JAKARTA – Pemerintah jangan tidak tinggal diam membiarkan isu permintaan penghapusan utang triliunan rupiah TNI AL ke Pertamina bergulir karena bisa jadi preseden buruk baik bagi TNI AL maupun Pertamina.
Direktur Eksekutif Reforminer Institute, Komaidi Notonegoro, menjelaskan jika dilihat berdasarkan regulasi maka yang digunakan TNI AL produknya tergolong non subsidi sehingga mekanisme bisnisnya berarti B to B atau kelembaga atau bisnis. Di sisi lain Pertamina adalah BUMN harus cari margin atau profit agak sulit mekanisme penghapusan utang ini diwujudkan.
“Pemerintah perlu cari solusi apakah direvisi aturannya teman-teman TNI berhak terima subsidi atau kompensasi mekanisme APBN, karena mekanisme penghapusan tidak cukup sehat dari aspek kesehatan perusahaan,” ujar Komaidi di Jakarta beberapa waktu lalu.
Menurutnya kalau memang mau dihapuskan maka harus ada arahan jelas dari negara, bukan berdasarkan kebijakan perusahaan. “Saya kira kalau minta penghapusan sulit lebih tepatnya tidak ke Pertamina tapi ke kementerian keuangan atau level tertinggi antar kementerian lembaga penyelesaiannya Pertamina pengapusan atau gimana atas perintah pihak tertentu,” ungkap Komaidi.
Jika seandainya bisa dilakukan banyak hal perlu dipertimbangkan aspek legal aturan main. Menurut Komaidi jika bisa secara legal, maka ada aspek lain juga apakah secara bisnis tidak cukup menganggu, yang lebih penting apakah tidak jadi preseden bisa ditiru pihak lain, karena piutang Pertamina tidak hanya di TNI ada lembaga kementerian lain, di pemda, institusi sesama BUMN juga ada.

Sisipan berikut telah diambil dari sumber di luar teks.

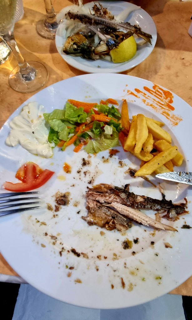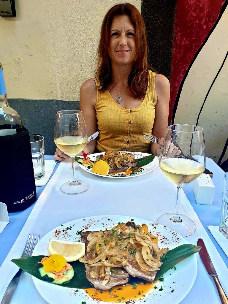 We had dinner at the Piano Bar on Santa Maria Street. We had sardines with Poncha and wine.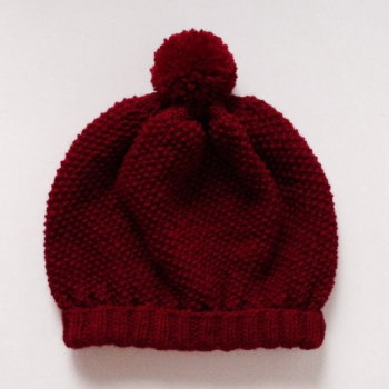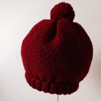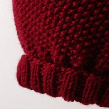 並合太のストレートヤーンで、全体を鹿の子編み(ボコボコした表面)で編んでいます。

“Khawatirnya akan di copy paste lembaga lain kalau dilakukan secara paralel Pertamina akan keberatan. kalau minta dihapuskan jumlahnya besar ini perlu di komunikasikan level pemerintah,” ungkap Komaidi.
Kepala Staf Angkatan Laut Laksamana Muhammad Ali menyebut lembaganya memiliki tunggakan setidaknya Rp5,45 triliun kepada Pertamina. Dia mengusulkan kepada Komisi I DPR agar utang itu dihapuskan.
“Ini mengganggu sekali, mengganggu kegiatan operasional. Harapannya [utang] ini bisa ditiadakan—untuk masalah bahan bakar. Jadi terputus, diputihkan,” kata Ali dalam Rapat Dengar Pendapat di Gedung DPR, Jakarta, 28 April lalu.